Leahy meanwhile suffered a laceration to his scalp, plus head pain and a hematoma, McGarry said.
“It’s amazing it’s not worse,” McGarry said. “It’s amazing they didn’t both lose their lives.”
The pair seek damages from the Army Joint Munitions Command, the Lake City Army Ammunitions Plant and Alliant Techsystems, the company that runs the plant, for allegedly mixing grenade cartridges in with blanks and sending them to the Legion for use in ceremonies.
Leahy and Shea had been performing the “graveside honor gun salute,” a custom of the local legion wherein volunteers fire blanks at military funerals, on May 6, 2013, when the cartridges exploded and their guns “kick[ed] back,” McGarry said.
“Subsequent investigation indicated that the explosion of the rifles resulted due to the fact they did not contain blank ammunition cartridges,” the complaint states.
“The grenade cartridges generate much greater pressure and are not designed or intended to be fired with a blank firing adapter,” it continues.
Justine Barati with the Army Joint Munitions Command refused to comment on pending litigation. Alliant Techsystems did not immediately respond to a request for comment.
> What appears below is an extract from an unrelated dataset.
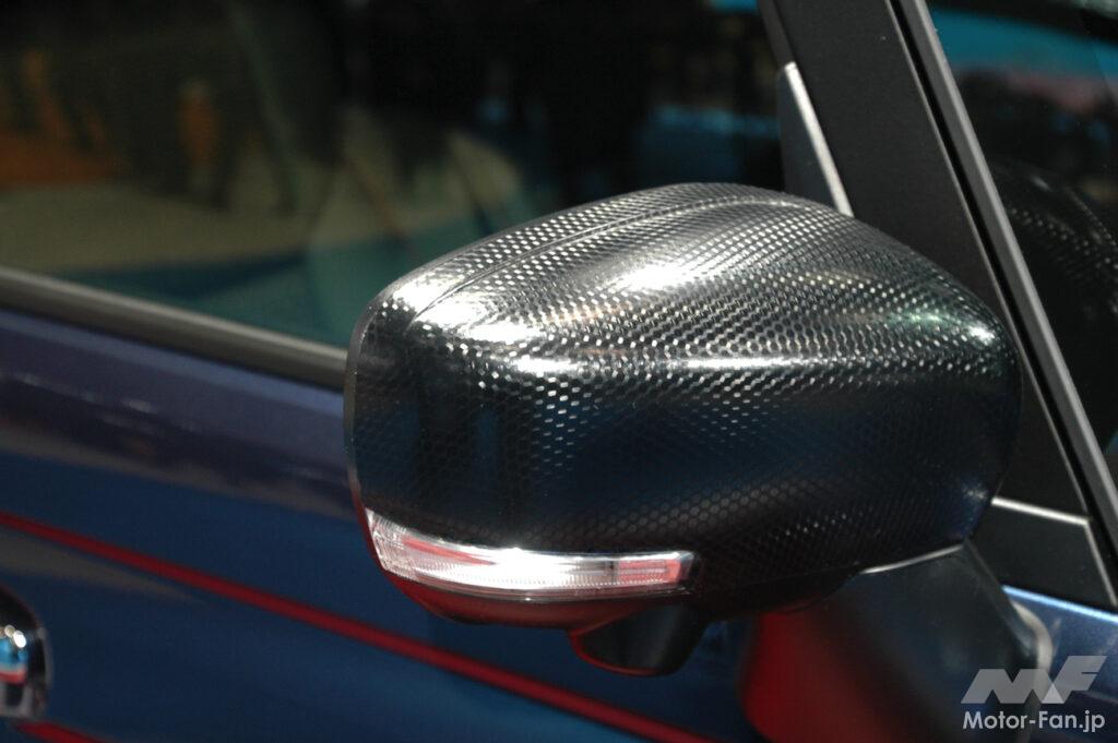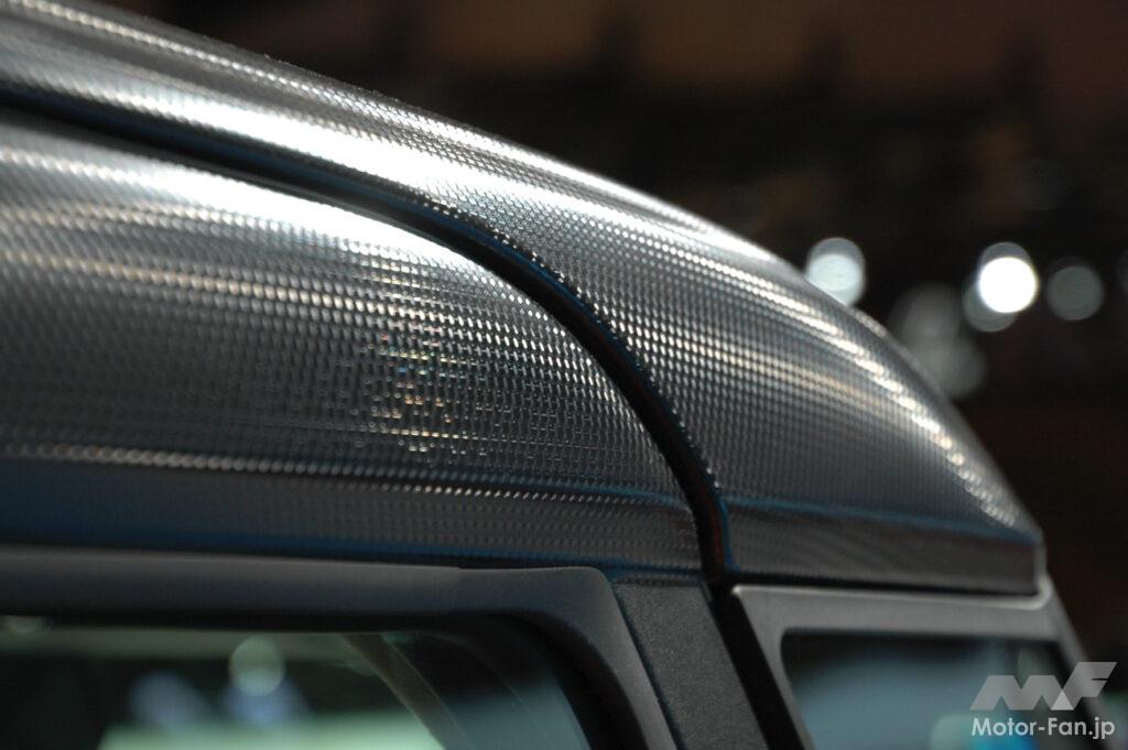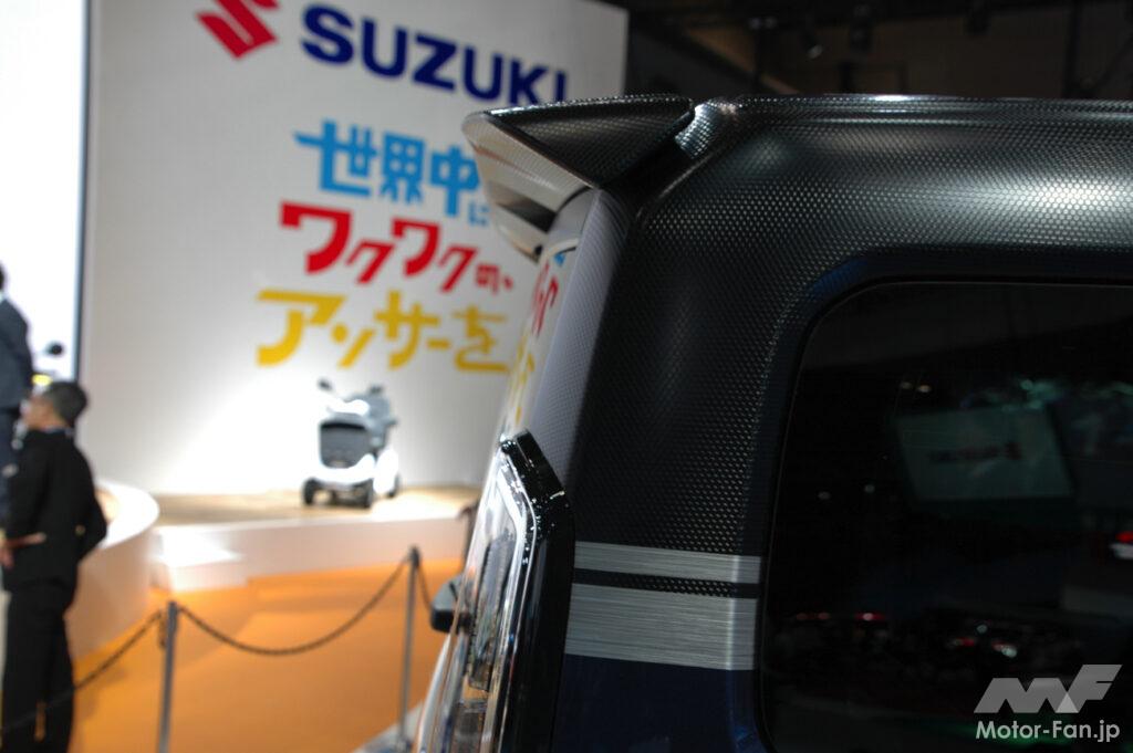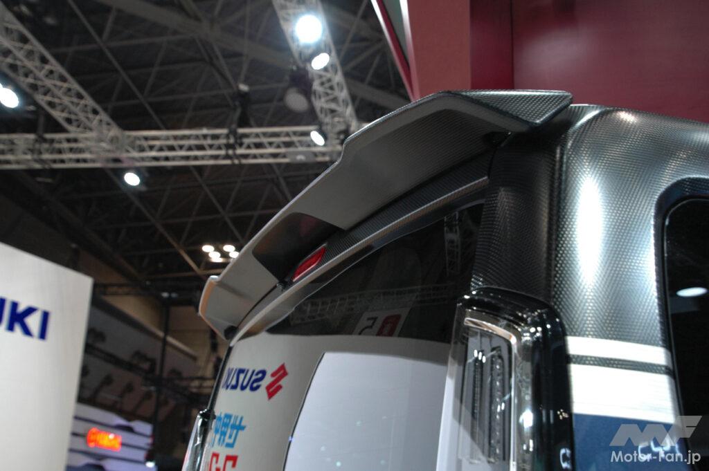 スペーシアカスタムコンセプトでは、リヤスポイラーやミラー、ルーフラインなどにカーボン調の加飾を施し、よりスポーティさを強調したスタイルになっている。
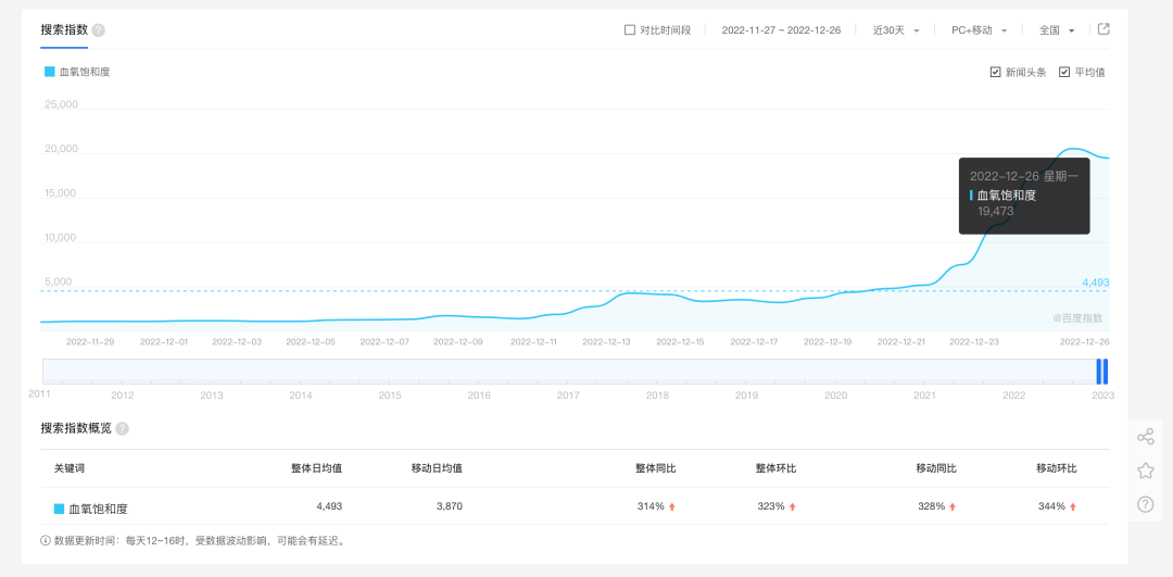 一时之间,“血氧饱和度”这一关键词在百度上的搜索指数呈300%以上的上涨。

McGarry said they have filed an official claim with the Army, but have been unable to determine at what level the responsibility lies, which is why the suit names 10 possible John Does in addition to the three parties.
McGarry also said he expects the case to settle, but notes it’s still early in the process.
Neither Leahy nor Shea has participated in a military funeral ceremony since the explosion, McGarry said.
“I can’t say I blame them,” he added.